Friday, May 18, 2012

Fixing slow NFS performance between VMware and Windows 2008 R2


I've seen hundreds of reports of slow NFS performance between VMware ESX/ESXi and Windows Server 2008 (with or without R2) out there on the internet, mixed in with a few reports of it performing fabulously.

We use the storage on our big Windows file servers periodically for one-off dev/test VMware virutal machines, and have  been struggling with this quite a bit recently. It used to be fast. Now it was very slow, like less than 3 MB/s for a copy of a VMDK. It made no sense.

We chased a lot of ideas. Started with the Windows and WMware logs of course, but nothing significant showed up. The Windows Server performance counters showed low CPU utilization and queue depth, low disk queue depth, less than 1 ms average IO service time, and a paltry 30 Mbps network utilization on bonded GbE links.

So where was the bottleneck? I ran across this Microsoft article about slow NFS performance when user name mapping wasn't set up, but it only seemed to apply to Windows 2003. Surely the patch mentioned there had made it into the 2008 code base?

Now, NFS version 3 is a really stupid and insecure protocol. I'm shocked it is still in widespread use frankly. There is basically no authentication other than easily spoofed source IP addresses; the server blindly trusts whatever user and group identifiers are set by the NFS client.

Another complication is that the POSIX permissions model of user/group/other bits isn't even close to the Windows ACL model using local users, domain users, groups, nesting of groups, and exclusions.

Ultimately, there has to be actual Windows security accounts assigned permissions to files on the Windows server. Therefore some means of "mapping" unix-style user and group IDs to Windows accounts and groups must be in place. Handling the lack of nesting, exlusions, inheritance, etc. on the UNIX side is an additional problem, so you often have to "dumb down" the Windows security model to make things work.

With Windows 2008 and later, you can used "unampped" access for NFS, which are really just UNIX UID/GIDs mapped directly to Windows security identifiers (SIDs) created on-the-fly by the Windows server. Or you can choose to pick up your Unix-to-Windows account mappings from Active Directory attributes.

VMware always sends userid=0 (root) and groupid=0 (also root) to NFS servers. On the windows side of things, if you are using the "unmapped" method as we had been, this gets translated into a really strange looking NTFS access control list (ACL). It will show permissions for security IDs with no usernames, that look like "S-1-5-88-1-0".

The first thing we did was reconfigure Windows NFS services to use active directory account mapping, then set up accounts with the uid=0 and gid=0 in AD. This worked, and assigned permissions to these new Active Directory accounts, but it didn't improve performance at all unfortunately.
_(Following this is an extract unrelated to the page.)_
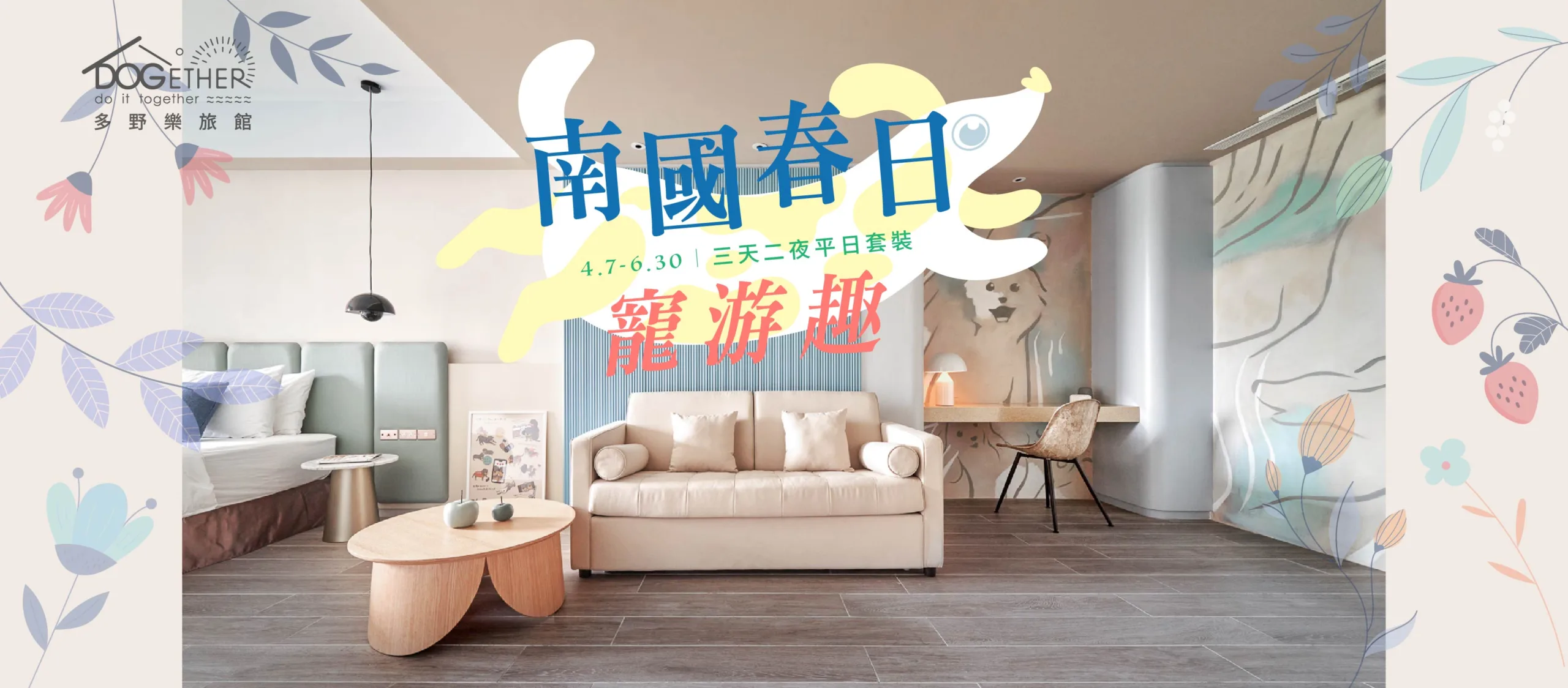 - 「南國春日。寵游趣|三天二夜平日套裝」週六、國定假日及特殊活動期間不適用,日期規範依旅館公告為準。
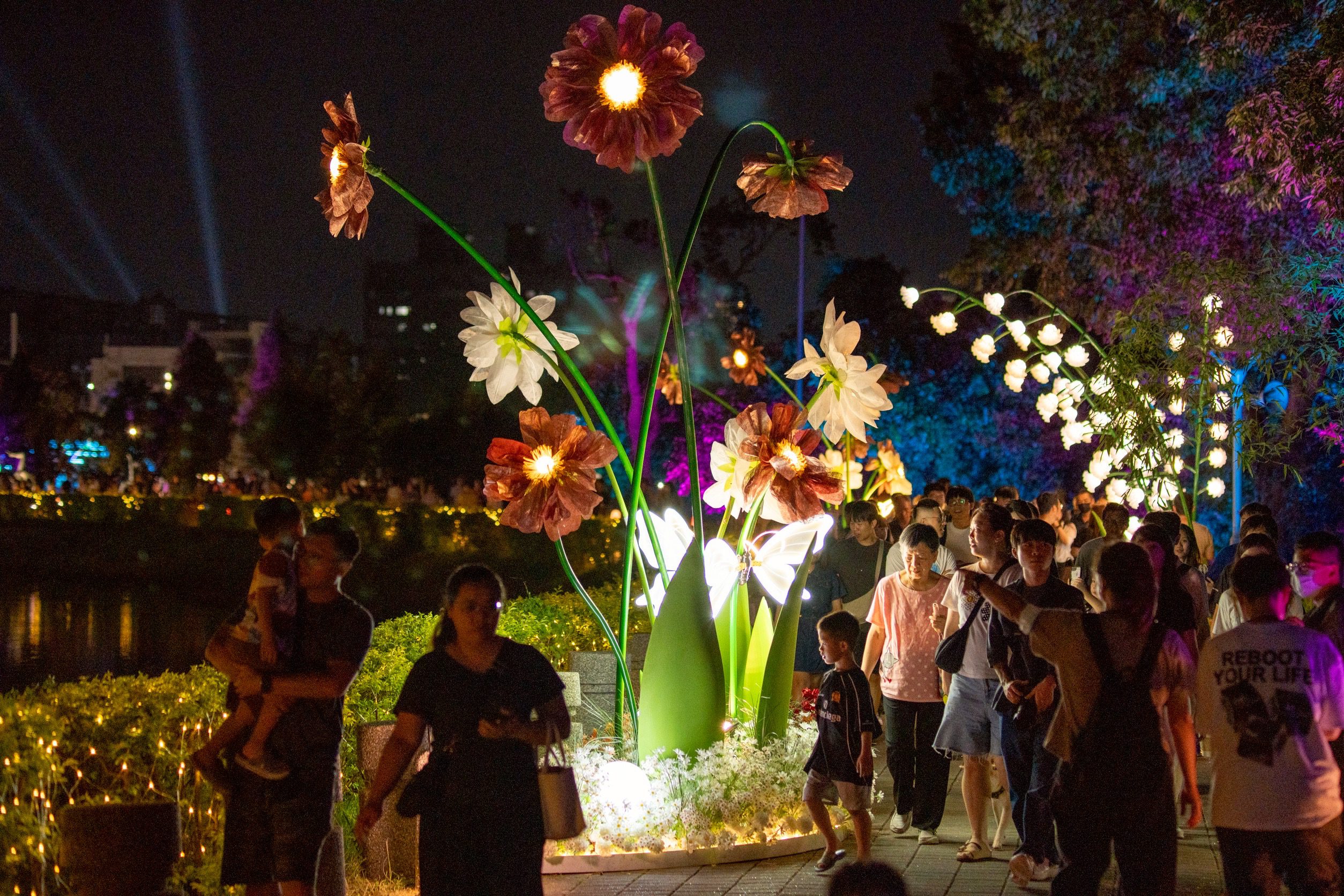 2025嘉義市光織影舞今(4)日在北香湖公園璀璨登場。今年以「光影夢境」為主題,結合迪士尼經典動畫《愛麗絲夢遊仙境》,打造8大沉浸式展區。開幕首日,北香湖公園熱鬧非凡,遊客宛如置身光影魔法世界,每個角落都成為拍照打卡的熱門景點。現場不僅有亞洲知名幻術師與重量級歌手輪番演出,更有9米高愛麗絲造型立體裝置和北香湖上4.5米高旋轉月亮裝置點綴夜空,將整個場景打造得夢幻迷人、充滿奇幻魅力。

So, I started looking at the permissions on the directories and files in our NFS shares. Someone had added permissions to a few directories so they could back up VMware files from the windows side of things across the network using SMB file sharing. This was in addition to the "unmapped" UNIX-style permissions created by the windows NFS service.

So, given the old KB article above that highlighted slow performance (but no access denied erros) when the Windows NFS server tried to find a mapping for a user, I decided tweaking the permissions was worth a shot. I ran across the nfsfile utility for setting NFS permissions to files. Finding little documentation online, the only aid I had was the command-line tools help text:
NFSFILE [/v] [/s] [/i[[u=]|[g=]|[wu=]|[wg=]]]         [/r[[u=]|[g=]|[m=]]] [/c[w|x]]
/? - this message /v - verbose /s - scan sub-directories for matching files /i - include files matching the specified criteria         u - NFS owner SID matches
        g - NFS group SID matches
        wu - NFS owner SID matches
        wg - NFS group SID matches
/r - replace specified option on file         u - set uid         g - set gid         m - set modebits to
        wu - Set Windows Owner account         wg - Set Windows Group account /c - convert the file according to         w - Windows style ACL (Mapped)         x - Unix Style ACL (Unmapped)
After some experimentation, I found that this command:
nfsfile /v /s /ru=0 /rg=0 /rm=777 /cx DIRECTORYNAME
reset all the permissions to the UNIX style for unmapped NFS access.

After eliminating the Active-Directory integration configuration and restarting Windows NFS services, VMware performance via NFS peformance was again qutie fast, bounded only by the disk subsystem or network.

What I think was happening is this: the Windows Services for NFS, when it encounters additional Windows ACLs on the files shared via NFS, figures it has to go evaluate all of those permissions by doing AD lookups for user and group IDs. Since NFS is a stateless protocol, it has to do this for *every* read and write request from the client. We did see a lot of traffic to our domain controllers from the NFS servers.

I am guessing that when only the "simple" UNIX-style ACLs set by the nfsfile utility are in place, Windows NFS services does not have to make a request to Active Directory for each NFS request, so things are much faster.

It worked for us anyway, and I am too lazy to dig into it much further, having burned way too much time on it already. But I hope this write-up helps somebody out there.